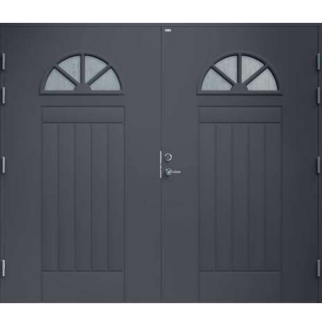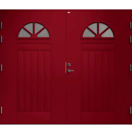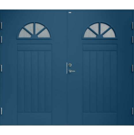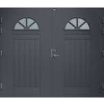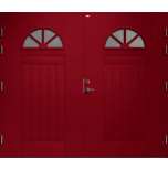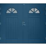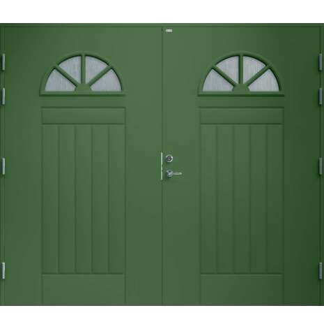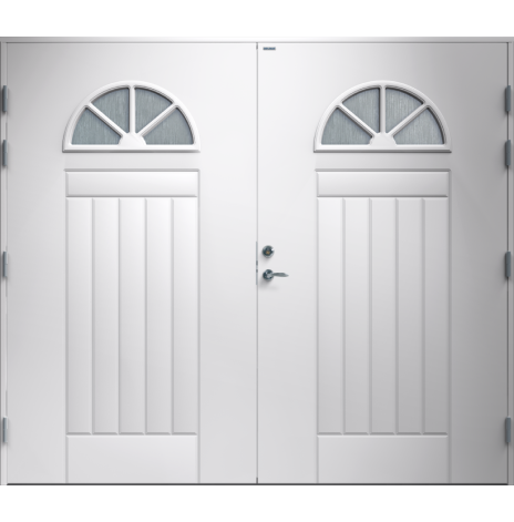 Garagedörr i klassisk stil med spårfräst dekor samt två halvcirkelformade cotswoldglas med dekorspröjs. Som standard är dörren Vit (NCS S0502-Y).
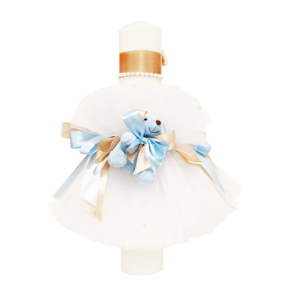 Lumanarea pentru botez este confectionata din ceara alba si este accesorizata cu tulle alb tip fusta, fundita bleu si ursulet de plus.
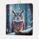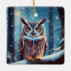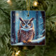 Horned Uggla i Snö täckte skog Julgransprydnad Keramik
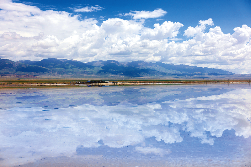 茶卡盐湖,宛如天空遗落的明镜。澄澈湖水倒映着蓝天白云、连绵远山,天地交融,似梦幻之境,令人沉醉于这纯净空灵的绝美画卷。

### Problem to work on
Beginning with the line containing "Horned Uggla i" and ending with the last line of the material, output each line exactly; do not include pictures.

### The answer
 Horned Uggla i Snö täckte skog Julgransprydnad Keramik
 茶卡盐湖,宛如天空遗落的明镜。澄澈湖水倒映着蓝天白云、连绵远山,天地交融,似梦幻之境,令人沉醉于这纯净空灵的绝美画卷。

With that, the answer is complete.